Numerical solution of a non-linear conservation law applicable to the interior dynamics of partially molten planets

TL;DR

This paper develops a robust numerical scheme to solve a non-linear diffusion equation modeling heat transport in partially molten planets, capturing large entropy gradient variations and applicable to planetary interior dynamics.

Contribution

It introduces a stable finite volume method for non-linear diffusion equations with large dynamic ranges, specifically tailored for planetary magma ocean modeling.

Findings

Successfully captures large entropy gradient variations (~12 orders of magnitude).

Provides a flexible, energy-conserving numerical framework applicable to planetary science.
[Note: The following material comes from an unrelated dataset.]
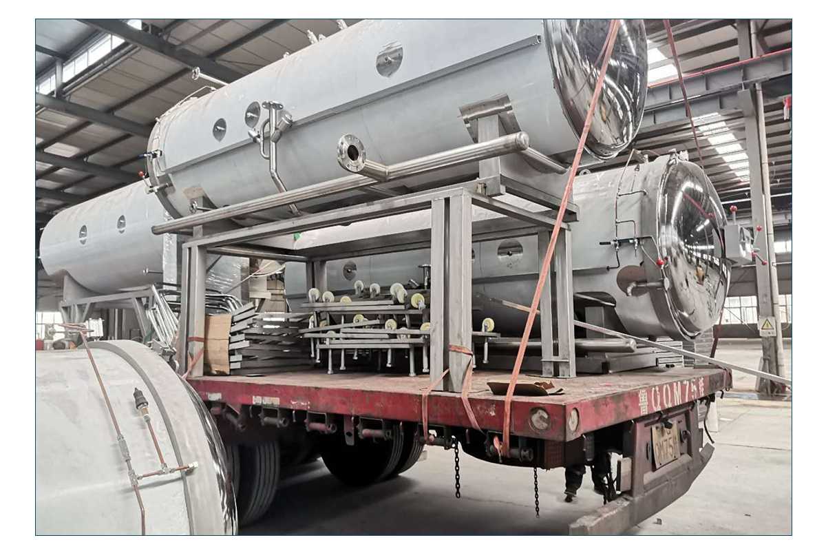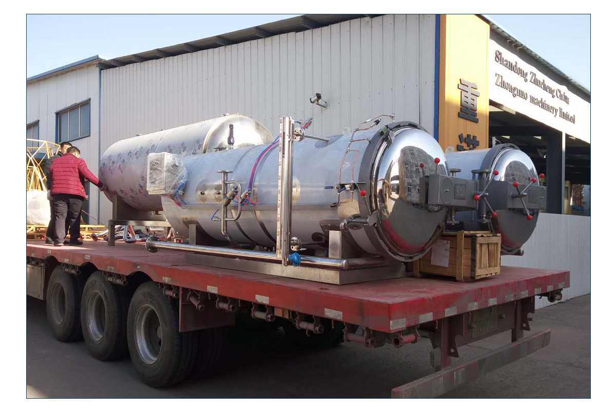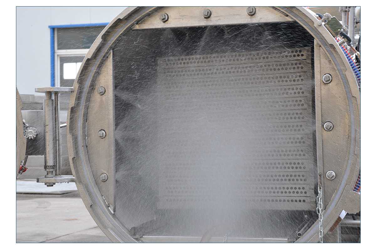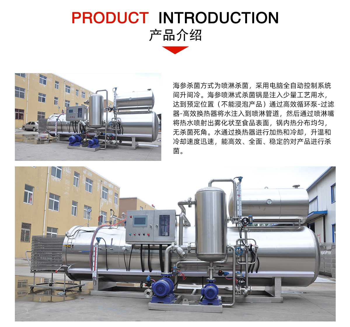 一般罐头食品厂对罐头作常压水煮加热杀菌处理时都采用本形式的卧式杀菌锅,本设备通过引入压缩空气可实现反压杀菌。如冷却需在锅内进行,须用水泵打入锅顶部的喷水管(或采用水循环系统)。

Enables extended precision calculations for complex non-linear diffusion problems.

Abstract

The energy balance of a partially molten rocky planet can be expressed as a non-linear diffusion equation using mixing length theory to quantify heat transport by both convection and mixing of the melt and solid phases. In this formulation the effective or eddy diffusivity depends on the entropy gradient, $\partial S/\partial r$, as well as entropy. First we present a simplified model with semi-analytical solutions, highlighting the large dynamic range of $\partial S/\partial r$, around 12 orders of magnitude, for physically-relevant parameters. It also elucidates the thermal structure of a magma ocean during the earliest stage of crystal formation. This motivates the development of a simple, stable numerical scheme able to capture the large dynamic range of $\partial S/\partial r$ and provide a flexible and robust method for time-integrating the energy equation. We then consider a full model including energy fluxes associated with convection, mixing, gravitational separation, and conduction that all depend on the thermophysical properties of the melt and solid phases. This model is discretised and evolved by applying the finite volume method (FVM), allowing for extended precision calculations and using $\partial S/\partial r$ as the solution variable. The FVM is well-suited to this problem since it is naturally energy conserving, flexible, and intuitive to incorporate arbitrary non-linear fluxes that rely on lookup data. Special attention is given to the numerically challenging scenario in which crystals first form in the centre of a magma ocean. Our computational framework is immediately applicable to modelling high melt fraction phenomena in Earth and planetary science research. Furthermore, it provides a template for solving similar non-linear diffusion equations arising in other disciplines, particularly for non-linear functional forms of the diffusion coefficient.